When Surgery is Needed to Correct Acid Reflux

01/16/2018

A romantic evening in town, an excessively rich meal late in the evening, wine, and a couple of peppermints from the checkout counter sets the stage for a night of discomfort, indigestion, and choking on undigested food and sour acid regurgitated into the mouth...You have just crossed over into the Twilight Zone of gastroesophageal reflux disease (GERD). 

GERD refers to the regurgitation of stomach contents into mouth and airways. 

Food and acid are typically prevented from reflux by competent function of the lower esophageal sphincter, a ring of muscle in the lower esophagus, which is assisted in its job by the diaphragm, maintaining a mechanical barrier at the top of the stomach and lower esophagus to prevent backflow of acid and symptoms of reflux.

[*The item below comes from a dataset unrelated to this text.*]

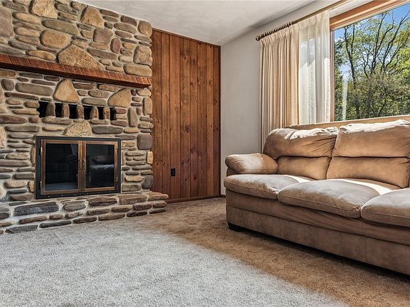 One of a kind, well maintained property on over 8.5 acres! The driveway opens up to a glorious storybook setting where you find a timeless three bedroom, one bath cedar ranch home with an attached 2 car garage and a bonus detached 2 car garage. Both are oversized 24'x24' each. There's a wood shed at the back of the yard and a greenhouse too! A second full bathroom is located in the detached garage. Home is move in ready or ready for your vision! A fireplace in the living room and a wood stove in the basement keep the home cozy and warm. Abundant natural light and beautiful views through the picture window in the living room add to the charm. Expansive basement offers plenty of storage, party or play space. This peaceful oasis just off the beaten path, is conveniently located near major roads, close to shopping, dining and all of civilization.

Heartburn, also called acid indigestion, is the most common symptom of GERD. However, if left untreated, GERD can cause esophageal ulcers, esophageal bleeding, and narrowing of the esophagus (peptic stricture). 

What causes GERD? 

GERD results due to a failure of the mechanical barriers to reflux: 

1. Incompetent (overly relaxed) esophageal sphincter which no longer controls backflow.

2. A hiatal hernia (top of the stomach bulges over the diaphragm) 

3. Overly filled stomach with delayed emptying (because the stomach does not empty while we sleep.) 

The interaction of all of these factors is a fairly complex mechanical and physiologic interchange. For more in depth information about physiologic, dietary, and weight loss options for GERD, please see the article in this issue by Dr. Steve Porter on pages 29-31 titled "Acid Reflux: The Burning Issue". 

Once GERD is identified, a number of treatment options can be prescribed. 

Surgical Options 

Nissen fundoplication is an anti-reflux operation that helps patients who have persistent symptoms despite medical treatment. The upper part of the stomach (gastric fundis) is wrapped around the lower esophagus and is sutured to the stomach, which helps the lower esophageal sphincter (the valve between the esophagus and stomach) close more effectively. This prevents the gastric acid backflow which causes GERD. The esophageal hiatus is also narrowed using sutures to treat hiatal hernia, preventing the upper part of the stomach from sliding up through enlarged esophageal hiatus of the diaphragm. This procedure is usually done laparoscopically, i.e., without actually opening the abdomen. 

Studies have shown fundoplication to be a safe and effective procedure with nearly 90% of patients being symptom-free after 10 years. Post-surgery complications can include trouble swallowing (dysphagia), irritable bowel (which may last 2 weeks), and the fundoplication can come undone over time in 5-10% of cases, which may warrant a repeat surgery. 

Laparoscopic (videoscopic) Procedure

A videoscopic surgical procedure is an alternative to the traditional or what is known as "open" surgery, in which a large incision is made. This technologically advanced option allows the surgeon to use minimally invasive surgery to treat GERD. Videoscopic surgery eliminates the need for a long incision. Small incisions only millimeters in size are made to accommodate small tubes called "trocars." These create a passageway for special surgical instruments and a laparoscope. 

A fiberoptic instrument called a laparoscope is inserted into the abdominal wall. This device transmits images from within the body to a video monitor, allowing the surgeon to see the operative area on the screen. In a laparoscopic Nissen fundoplication procedure, small surgical tools and a laparoscope are used to repair the muscle that separates the stomach and esophagus. 

This procedure has many advantages over a traditional surgery including minimal scarring and reduced recovery time. Hospital stays are reduced and total recovery time is reduced to half. The risk of infection is also minimal because of very small puncture sites. 

Best yet, the laparoscopic surgery often requires a hospital stay of less than 24 hours instead of four to five days as in the case of traditional surgery. In many cases, a patient’s total recovery time can be as little as one to two weeks, compared to the four to six weeks time for traditional surgery. 

If you have failed to respond to conservative therapy, or suffer from complications of reflux disease such as ulcers, strictures or Barrett’s esophagus, it may be time to consider a surgical approach. 

Who are good candidates for the procedure? 

Surgical candidates are those whose heartburn is not well controlled with medicine, those who want to fix the problem without having to take medicine long term, and those who have complications from reflux such as ulcers, strictures, hernias or Barrett's esophagus. 

What can I expect before and after the surgery? 

Patients are counseled before the operation about lifestyle and dietary adjustments that are needed for the first six weeks following surgery. They are advised to eat smaller amounts of food at each meal, chew their food well, and avoid chewing gum and drinking carbonated beverages to make sure that they heal properly from the surgery. 

The success rate for the minimally invasive surgery is 90 to 95% for patients who have typical symptoms of GERD such as heartburn, regurgitation, and belching. For those with less typical symptoms, including hoarseness and chronic cough, the surgery is about 70 to 80% effective in relieving their symptoms.